Object spilling solves this by extending the object lifecycle with an external storage tier: when memory pressure is detected, pinned objects are automatically spilled from shared memory to external storage (local disk or S3). When a spilled object is needed again, it is transparently restored back into Plasma. This allows the effective object store capacity to exceed physical memory, at the cost of I/O latency for accessing spilled objects.

Note

Object spilling is fully abstracted away to user applications. No application-level code changes are needed to automatically spill pinned objects to disk when under plasma store memory pressure.

Architecture#

The object spilling architecture is designed to minimize interference with the critical path of task execution. It decouples memory pressure detection (which happens in the latency-sensitive Plasma store) from spill orchestration (managed by the Raylet) and I/O execution (offloaded to separate worker processes).

The system consists of three main interaction layers:

  1. Detection (Plasma Store Thread): The CreateRequestQueue within the Plasma store monitors memory usage.

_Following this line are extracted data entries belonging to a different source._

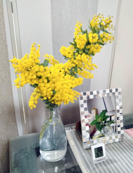 少し前になりますが、ミモザの鮮やかな黄色に癒されていました。花言葉は「感謝」「友情」「思いやり」「優雅」、だそうです。
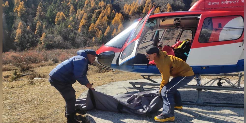 आरोहीको शव हेलिकोप्टरमार्फत सामागाउँ ल्याइएको छ । पाङबारी हिमालबाट फर्कने क्रममा तीन इटालियन नागरिक र एक नेपाली सहयोगी गत बुधबारदेखि पहिलो शिविर र आधार शिविरमा अलपत्र परेका थिए । फरिनातो र गापुटो हिमाल आरोहण गर्न नसकेपछि फर्कने क्रममा हिमपातका कारण अलपत्र परेका बताइएको छ ।
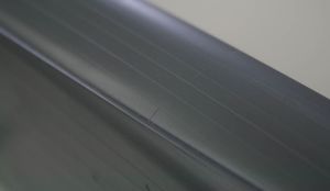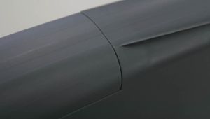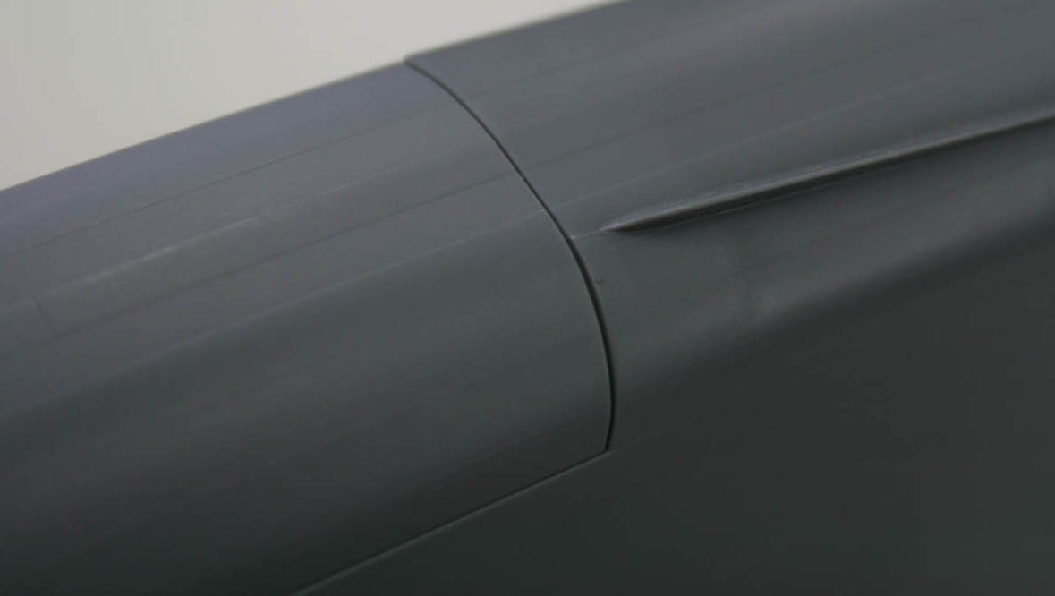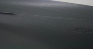 The most noticeable seam, however, is that on the forward hull. In order to mold such a complex hull shape with crisp details over it's form, the hull had to be broken down into many parts. There are two below the waterline and at least three above it. As you can see in the photo to the right, this leaves a seam that should be filled. Perhaps not much concern if the two surfaces are perfectly true to each other, but in this ase I felt a slight step that would require some sanding as well as filling in order to negate, which will destroy the surrounding strake detail.
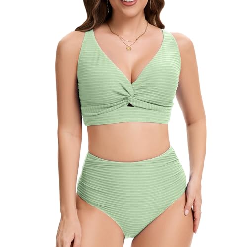 HOT ! Women's High Waist Bikini Set Twist Front Textured Swimsuits Two Piece Bathing Suit Summer Beach Resort Swimwear
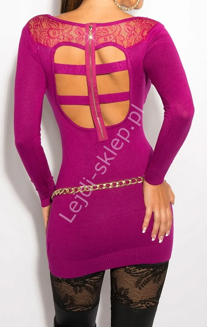 Fuksjowa sukienka z koronką na plecach i paskami, 8031
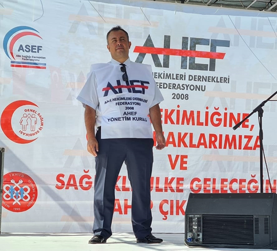 Aile Hekimleri Dernekleri Federasyonu (AHEF) 2. Başkanı Dr. Hacı Yusuf Eryazğan, “Ödeme Sözleşme Yönetmeliği’ne karşın kararlı duruşumuz devam ediyor.1 Temmuz’da yayınlanan yeni yönetmelikle ilgili henüz bakanlıktan olumlu bir adım göremedik” dedi. Ödeme Sözleşme Yönetmeliği’ndeki onlarca ceza içeren maddenin geri çekilmesi ve hak kayıpları için bir mücadele başlattıklarını söyleyen Dr. Eryazğan, istifa dilekçeleri ellerinde Bakanlığın harekete geçmesini beklediklerine dikkat çekti: “16 ve 27 Ağustos’ta iş bırakarak kararlığımızı ortaya koyduk.11 Eylül’de bir miting ile bize destek olan tüm STK’larla var gücümüzle haykırdık. ‘Haksızlık varsa biz yokuz’ dedik. Artık kamuoyu biliyor ki aile hekimleri, bu yönetmelik geri çekilene kadar mücadele edecek. 11 Eylül sonrası 75 il derneğimizle istişare toplantısı yaparak gelecekte yapacaklarımızı tartıştık. AHEF olarak 3.5 yıllık süreçte moderatörlüğünü yürüttüğümüz 1. Basamak Sağlık ve Emek Platformunda bulunan AHESEN, ASEF, BDS, GENEL SAĞLIK İŞ, SES, TAHUD, TTB aile hekimliği kolu ile birlikte 2 miting, 5 iş bırakma, 3 deklarasyon yayını yaparak aile hekimliği çalışanlarının sesi olduk. Ortak olarak yürüttüğümüz bu platform çalışmalarında, yönetmelikle ilgili miting sonrası değerlendirmelerimize devam ediyoruz. Ve kararımız kesinlikle yönetmelik geri çekilene kadar mücadelemizi devam etmek yönündedir.”

When an allocation fails (OOM), it triggers a callback to the Raylet. This ensures that the single-threaded object store is never blocked by I/O operations.

  2. Orchestration (Raylet Main Thread): The LocalObjectManager in the Raylet receives the spill request. It decides what to spill (based on LRU and pinning status) and when to spill (batching requests for efficiency). It manages the state of all local objects (Pinned, PendingSpill, Spilled).

  3. Execution (IO Worker Processes): Actual disk or network I/O is performed by a pool of Python IO Workers. The Raylet communicates with these workers via gRPC. This separation ensures that even if I/O is slow (e.g., writing to S3), the Raylet’s main loop remains responsive to other cluster events (heartbeats, scheduling).

The following diagram illustrates this layered architecture and the data flow:

Object Spilling Architecture

Note

The Plasma store and the Raylet main event loop run in separate threads. The spill callback bridges them by posting work from the store thread to the main thread. Only IsSpillingInProgress() is called cross-thread (using std::atomic).

Primary vs. Secondary Copies#

Ray distinguishes between two types of object copies in the cluster, which determines how they are handled under memory pressure:

  • Primary Copy: The initial copy of an object, created by a task or ray.put. The owner of the object (the CoreWorker that created it) manages its lifetime. The primary copy is the “source of truth” and cannot be evicted; it needs to be spilled to external storage if memory is needed.

  • Secondary Copy: A copy of an object transferred to another node (e.g., as a dependency for a remote task or via ray.get). These are treated as cached replicas.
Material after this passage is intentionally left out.